個人的な話になってしまいますが、中学生時代のある昼休みの風景が、ふと思い出されることがあります。
みんなが外遊びに夢中になっている、誰も居なくなった教室で、ひとり机に向かっていたF君の姿です。
大人しく、ひょろっとして、目立つタイプではなかったですが、黒縁メガネをかけていて、笑顔の素敵な印象の彼は、「フジっち」の愛称で皆に親しまれていました。
ぽつんと一人で座っているフジっちの背中を見つけ、近づいていくと、机に「世界地図帳」を広げて、ただじっと眺めています。
「何しているの?」と訊ねてみると、フジっちは、
「こうやっていると、世界を旅しているような気分になれるんだよね」と目を輝かせて微笑みました。

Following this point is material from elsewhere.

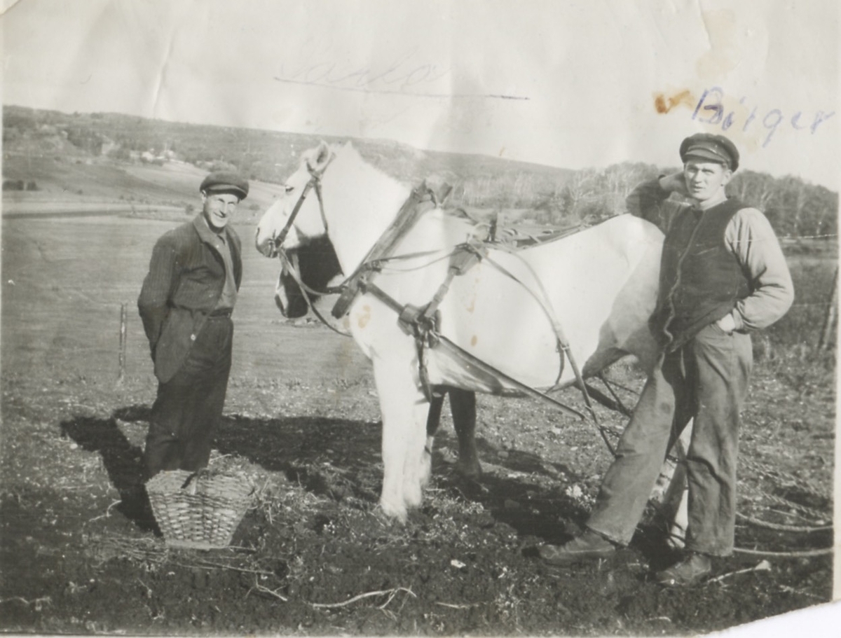 Tollered/Heljered okänt årtal. Från vänster: Herman Gustafsson, Tollered, och Birger Pettersson (1891 - 1970), Högen. Männen står vid två arbetshästar på åkern. I bakgrunden ses Backen.

「ふうん・・・そうなんだ」とこたえながら、そのときの私には、正直ちっともその面白さがピンとこなかったことと、「彼には一体何が見えているのだろう」という不思議さ、また、そのことを楽しく思える「羨ましさ」のようなものを、同時に感じたことを覚えています。
大人になって振り返ると、あのときにもっと彼に突っ込んで質問をしたり、色々な話をしていれば、もっと社会科で苦しまなくて済んだかもしれない、とさえ思います。私にとっては当時、面白さが分からず、苦痛でしかなかった科目だったからです。
ですから、もし苦手な科目をどうにか好きになりたい、克服したい、と思っている人がいたなら、その科目を得意な人、好きな人に、「いつから好きなの?」「どこが面白いの?」「いつもどうやって勉強しているの?」「どんな本が好きなの?」など、とことんインタビューしてみるのも、有効な手立てなのではないかと思います。
皆さんは、いかが思われるでしょうか。苦手科目克服の経験談など、色々な人から聞いてみたいです。
フジっち、どうしているのかなぁ・・・。